[Start of section]
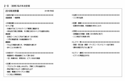 次に、年次計画です。40代の頃は毎年つくっていました。次の図が、2010年の私の年次計画です。
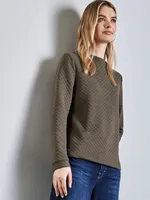 Denna strukturmönstrade tröja från Street One är ett mångsidigt och stilfullt tillskott till din vardagsgarderob. Designen med turtleneck ger en elegant touch, medan det subtila strukturmönstret lyfter plagget från det enkla till det sofistikerade. Den är tillverkad i en mjuk och stretchig materialmix som erbjuder en utmärkt passform och hög komfort hela dagen. Ett perfekt basplagg för att skapa både avslappnade och mer uppklädda looks – bär det som det är eller matcha med en blazer för en chic finish.
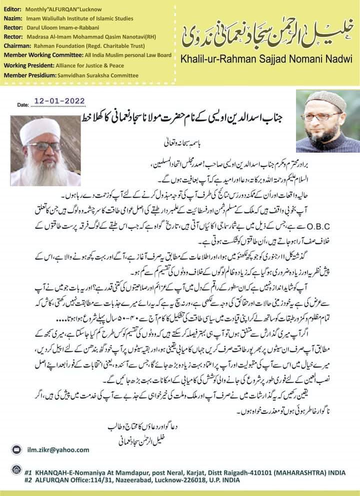 یقینی کامیابی والی نشستوں پر ہی توجہ اور دیگر پرعظیم اتحاد کیلئے اپیل کا مشورہ صدر مجلس بیرسٹر اسد الدین اویسی کے نام مولانا سجاد نعمانی کا کھلا مکتوب حیدرآباد۔12
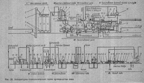Для обеспечения чистоты брожения семенные дрожжи периодически заменяют дрожжами чистой культуры, получаемыми из одной клетки в стерильных условиях. Для размножения дрожжей чистой культуры охмеленное сусло после очистки его в сепараторе 18 стерилизуют в аппарате 26 и перекачивают в бродильные аппараты 27 и 28, в которые вводят чистую культуру дрожжей (из лаборатории). Дальнейшее размножение дрожжей происходит в танке 60.
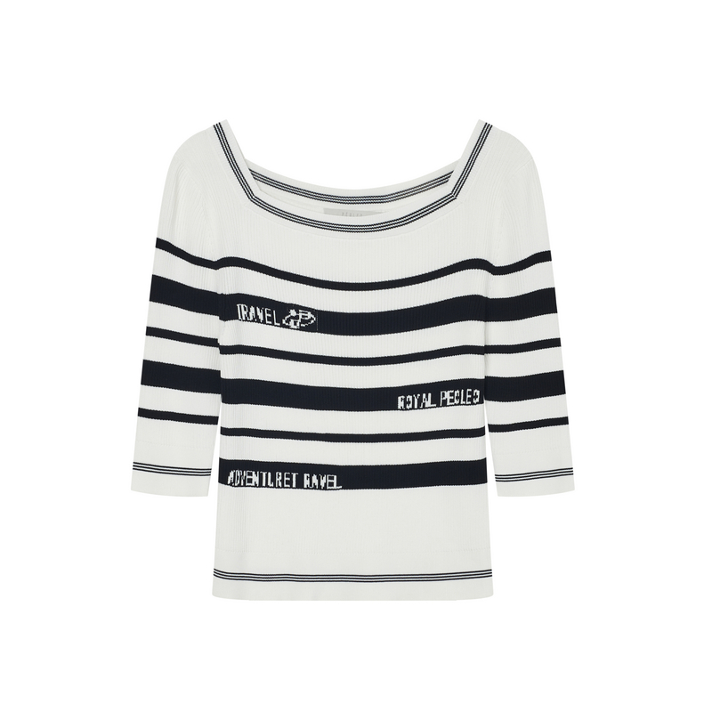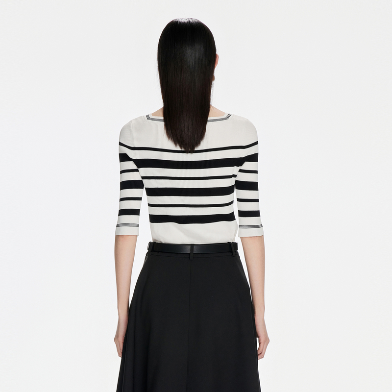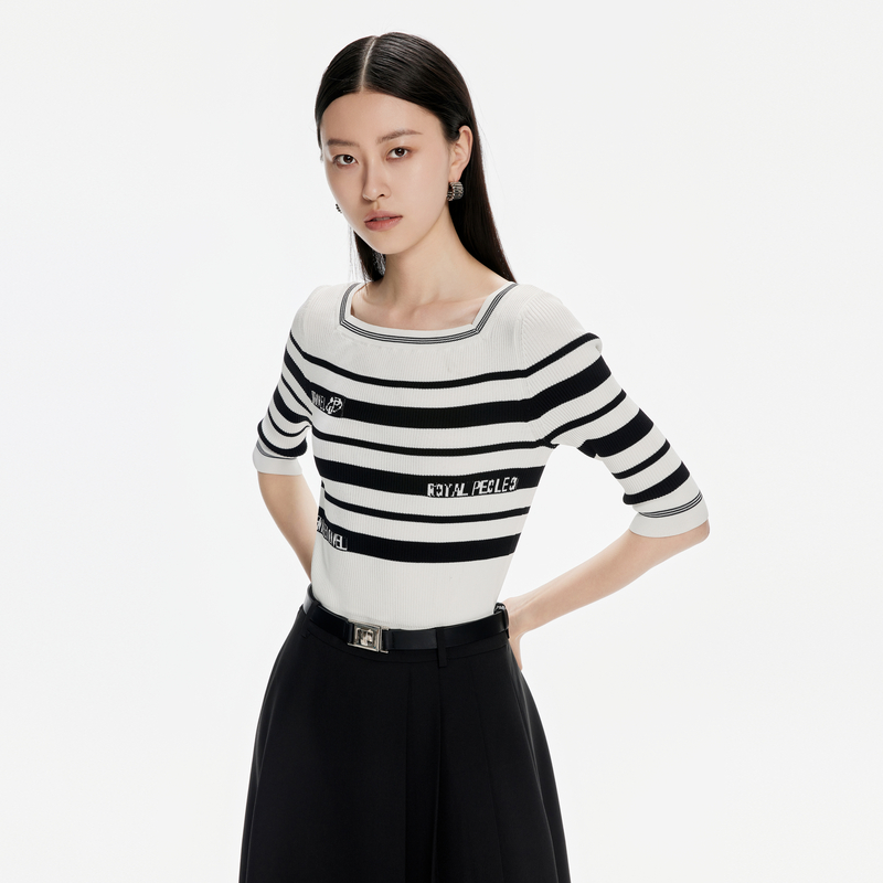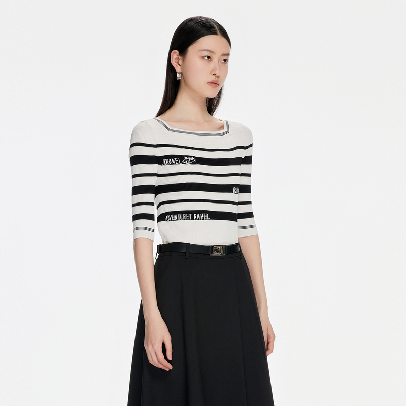 法式 新款 气质时尚 修身 飘蕾锁骨方领条纹针织衫 显瘦毛衫 女秋季
[End of section]
**Task item**
What you give back must be the data above, reproduced exactly and free of pictures.

**The answer**
 次に、年次計画です。40代の頃は毎年つくっていました。次の図が、2010年の私の年次計画です。
 Denna strukturmönstrade tröja från Street One är ett mångsidigt och stilfullt tillskott till din vardagsgarderob. Designen med turtleneck ger en elegant touch, medan det subtila strukturmönstret lyfter plagget från det enkla till det sofistikerade. Den är tillverkad i en mjuk och stretchig materialmix som erbjuder en utmärkt passform och hög komfort hela dagen. Ett perfekt basplagg för att skapa både avslappnade och mer uppklädda looks – bär det som det är eller matcha med en blazer för en chic finish.
 یقینی کامیابی والی نشستوں پر ہی توجہ اور دیگر پرعظیم اتحاد کیلئے اپیل کا مشورہ صدر مجلس بیرسٹر اسد الدین اویسی کے نام مولانا سجاد نعمانی کا کھلا مکتوب حیدرآباد۔12
Для обеспечения чистоты брожения семенные дрожжи периодически заменяют дрожжами чистой культуры, получаемыми из одной клетки в стерильных условиях. Для размножения дрожжей чистой культуры охмеленное сусло после очистки его в сепараторе 18 стерилизуют в аппарате 26 и перекачивают в бродильные аппараты 27 и 28, в которые вводят чистую культуру дрожжей (из лаборатории). Дальнейшее размножение дрожжей происходит в танке 60.
 法式 新款 气质时尚 修身 飘蕾锁骨方领条纹针织衫 显瘦毛衫 女秋季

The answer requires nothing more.